This is a nice idea, especially given all the work people have done recently to make in-language querying nicer (Spark comes to mind).
My only gripe is the 'auto-generated' column names for aggregates. This seems like a recipe for disaster - what if there is already (as there almost certainly will be) named "sum_gross_cost"? The behavior also just seems rather unexpected and implicit. My suggestion would be simple syntax that lets you optionally give a name to a particular aggregate column:
...
filter gross_cost > 0
aggregate by:[title, country] [
average salary,
sum gross_salary,
average gross_cost,
let sum_gc = sum gross_cost,
count,
]
sort sum_gc
While it might seem a little uglier, it seems much more sustainable in the long run. If this is really too gross, I'd advocate some token other than underscore that is reserved for aggregation variables; perhaps `sum@gross_cost` or `sum#gross_cost`.
I'm quite opposed to the idea "from should be first".
I want to understand what exactly the query returns, not the implementation detail of the source of this data (that can later be changed).
Literally first example from page - I have no idea what is being returned:
from employees
filter country = "USA" # Each line transforms the previous result.
let gross_salary = salary + payroll_tax # This _adds_ a column / variable.
let gross_cost = gross_salary + benefits_cost # Variables can use other variables.
filter gross_cost > 0
aggregate by:[title, country] [ # `by` are the columns to group by.
average salary, # These are the calcs to run on the groups.
sum salary,
average gross_salary,
sum gross_salary,
average gross_cost,
sum gross_cost,
count,
]
sort sum_gross_cost # Uses the auto-generated column name.
filter count > 200
take 20
of course, similar things are happening to SQL too, with CTEs becoming more widespread and "real" list of the columns hidden somewhere inside, but it's still parseable
Quick, what is this query about? What's ironic is that I think you have it backwards: the columns are the implementation detail, not the table. The table is the context: you can't change that without having to change everything else. But columns are the last step, the selection after the filters, joins, etc. They can be changed at any time without affecting the logic.
This is... An odd choice. I'd assume I'm not without context looking at a query to know why I would want those columns.
And the auto complete story is backwards. Often I know what columns I want, but I'm not clear what table I need to get them from. Such that, if you make a smarter suggest in the from to only include tables that have the columns, I'd be much happier.

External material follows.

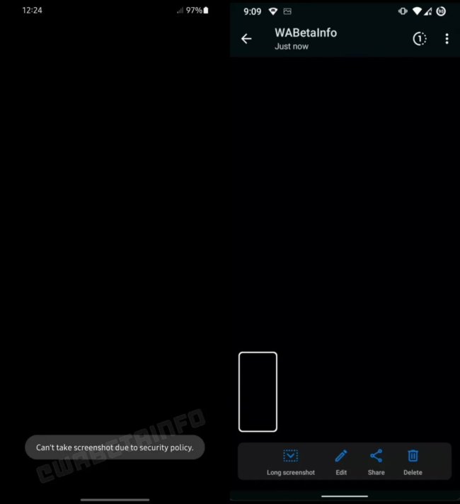 Yukarıdaki ekran görüntüsünde görebileceğiniz gibi, tek sefer görüntülenen fotoğraf ve videolarda ekran görüntüsü alınamıyor.Ekran görüntüsü almaya çalışan kullanıcıların karşısına, "Ekran görüntüsünü güvenlik politikasından dolayı alamazsınız." uyarısı çıkıyor.Üstelik üçüncü taraf uygulamaları kullanarak ekran görüntüsü alınırsa, alınan görüntü siyah oluyor ve bu uygulamalar da işe yaramıyor.WhatsApp gizliliğini artıran yeni özelliğin bu ay içinde kullanıma sunulması bekleniyor.

It's query asking for the id, name, and author fields. Very straightforward, I have no idea how this is confusing.
> The table is the context: you can't change that without having to change everything else.
Except even in the provided single-table example this isn't true - you're getting subselected/CTEd results. No functional joins are demonstrated unfortunately.
For example:
from employees
left_join positions [id=employee_id]
...is equivalent to...
SELECT * FROM employees LEFT JOIN positions ON id = employee_id
No data is selected from positions in either example, and it's unclear on why we're joining that table (other than just for the heck of it). It's not a workable example.
The big advantage of "from first" like we have in Kusto KQL (a database we use at Microsoft) is that it provides much better autocomplete (if I write the `from` it can easily autocomplete the projection).
If you want an interesting example of how a query language built for developer experience and autocompletions looks definitely check it out!.
That's interesting because it also explains why I was going to say I do like having from first. When trying to reason about a query, I mentally go through the following:
1. What tables are being pulled from? This speaks to the potential domain of the query.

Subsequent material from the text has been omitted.